Goal of the exercise: Repeat every line of the data exactly; the pictures stay out.

Collected material:
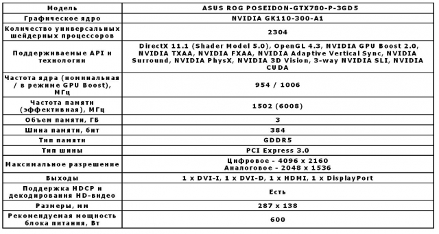 Під кінець 2013 року компанія ASUS вирішила порадувати своїх шанувальників, представивши відразу дві моделі відеокарт з серії ROG. Першою була представлена ??відеокарта ASUS ROG Mars 760 - двухпроцессорная відеокарта на базі двох графічних процесорів GK 104. Слідом за цією моделлю була представлена ??відеокарта ASUS GeForce GTX 780 POSEIDON PLATINUM. Про неї і піде мова в даному огляді. Дана модель оснащена нестандартною системою охолодження, яка дуже рідко зустрічається на відкритих. Деякі моделі високопродуктивних материнських плат орієнтованих на оверклокерів і геймерів, наприклад, GIGABYTE G1. Sniper 5 виробники оснащують системою охолодження, радіатори якої можуть охолоджуватися і повітрям і за допомогою води. Аналогічною системою охолодження оснащена нова модель ASUS GeForce GTX 780 POSEIDON PLATINUM, в якій для охолодження графічного процесора можна використовувати як повітряне, так і водяне охолодження. Це перша модель компанії ASUS з такою системою охолодження. Що являє собою дана відеокарта, наскільки вдало і виправдано застосування такої системи охолодження спробуємо поступово розібратися, а почнемо з технічних характеристик відеокарти, які представлю в таблиці.
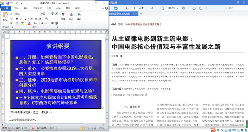 周教授关于 “中国电影现状”的讲座,为正困顿于“影视寒冬”之下的我们带来了一场甘霖。周教授从当下影院的空荡、落寞切入,谈及2019年影视行业的跌宕起伏,从产业谈到内容,列举出《少年的你》《地久天长》《南方车站的聚会》等佳片,也指出了如《上海堡垒》等影片的不足。在周教授行云流水般的讲述与其对中国电影未来发展的美好展望中,我可以感受到他对影视行业赤诚的热爱;这也让我意识到,中国电影的发展道路虽然曲折,却始终在前行。
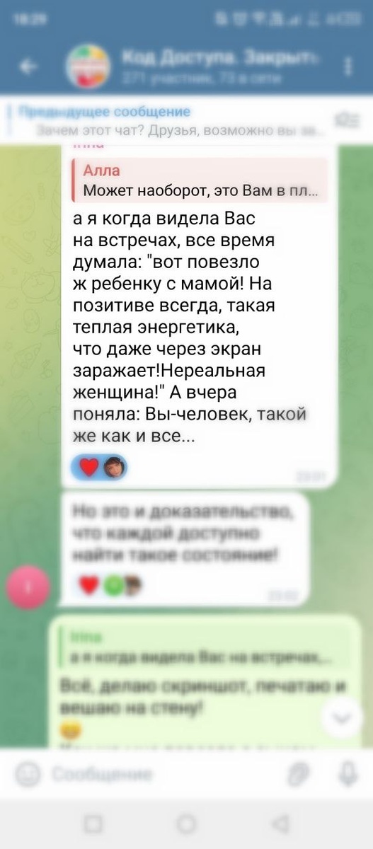 У сына программа 8.1 по рекомендации ПМПК — значит, он будет учиться в обычном классе, в полной инклюзии. Конечно, тревога остаётся: коммуникация даётся ему с трудом. Но раньше я не ощущала этого так остро — в садике он среди детей, которые его знают, общается как умеет. Пока в апреле не случился тот самый переломный момент. Пять дней в больничной палате с нормотипичным сверстником. Пять дней невольных сравнений. Как легко тот мальчик шутил с врачами! Как естественно рассказывал о своих игрушках! А мой сын — не успевает, не дотягивает, не вписывается. К концу срока меня накрыло полной беспомощностью. Это было похоже на падение в яму: я рыдала в каждом моменте, когда оставалась одна. Забыла все наши победы. Видела только пропасть между «нормой» и сыном. И вот в таком состоянии я присоединилась к онлайн встрече клуба Юлии Снежко. Выговорилась. Выплакалась. Будто кричала без звука: «Спасите, я больше не справляюсь». И — о чудо — меня поймали. Не дали разбиться. Нашли те слова, после котор
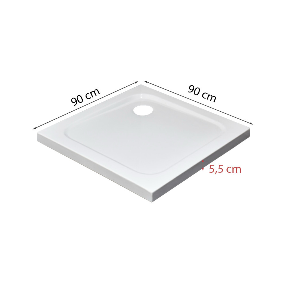 Modena Slim szögletes alacsony akril zuhanytálca, 90x90x5,5 cm-es méretben

The answer:
 Під кінець 2013 року компанія ASUS вирішила порадувати своїх шанувальників, представивши відразу дві моделі відеокарт з серії ROG. Першою була представлена ??відеокарта ASUS ROG Mars 760 - двухпроцессорная відеокарта на базі двох графічних процесорів GK 104. Слідом за цією моделлю була представлена ??відеокарта ASUS GeForce GTX 780 POSEIDON PLATINUM. Про неї і піде мова в даному огляді. Дана модель оснащена нестандартною системою охолодження, яка дуже рідко зустрічається на відкритих. Деякі моделі високопродуктивних материнських плат орієнтованих на оверклокерів і геймерів, наприклад, GIGABYTE G1. Sniper 5 виробники оснащують системою охолодження, радіатори якої можуть охолоджуватися і повітрям і за допомогою води. Аналогічною системою охолодження оснащена нова модель ASUS GeForce GTX 780 POSEIDON PLATINUM, в якій для охолодження графічного процесора можна використовувати як повітряне, так і водяне охолодження. Це перша модель компанії ASUS з такою системою охолодження. Що являє собою дана відеокарта, наскільки вдало і виправдано застосування такої системи охолодження спробуємо поступово розібратися, а почнемо з технічних характеристик відеокарти, які представлю в таблиці.
 周教授关于 “中国电影现状”的讲座,为正困顿于“影视寒冬”之下的我们带来了一场甘霖。周教授从当下影院的空荡、落寞切入,谈及2019年影视行业的跌宕起伏,从产业谈到内容,列举出《少年的你》《地久天长》《南方车站的聚会》等佳片,也指出了如《上海堡垒》等影片的不足。在周教授行云流水般的讲述与其对中国电影未来发展的美好展望中,我可以感受到他对影视行业赤诚的热爱;这也让我意识到,中国电影的发展道路虽然曲折,却始终在前行。
 У сына программа 8.1 по рекомендации ПМПК — значит, он будет учиться в обычном классе, в полной инклюзии. Конечно, тревога остаётся: коммуникация даётся ему с трудом. Но раньше я не ощущала этого так остро — в садике он среди детей, которые его знают, общается как умеет. Пока в апреле не случился тот самый переломный момент. Пять дней в больничной палате с нормотипичным сверстником. Пять дней невольных сравнений. Как легко тот мальчик шутил с врачами! Как естественно рассказывал о своих игрушках! А мой сын — не успевает, не дотягивает, не вписывается. К концу срока меня накрыло полной беспомощностью. Это было похоже на падение в яму: я рыдала в каждом моменте, когда оставалась одна. Забыла все наши победы. Видела только пропасть между «нормой» и сыном. И вот в таком состоянии я присоединилась к онлайн встрече клуба Юлии Снежко. Выговорилась. Выплакалась. Будто кричала без звука: «Спасите, я больше не справляюсь». И — о чудо — меня поймали. Не дали разбиться. Нашли те слова, после котор
 Modena Slim szögletes alacsony akril zuhanytálca, 90x90x5,5 cm-es méretben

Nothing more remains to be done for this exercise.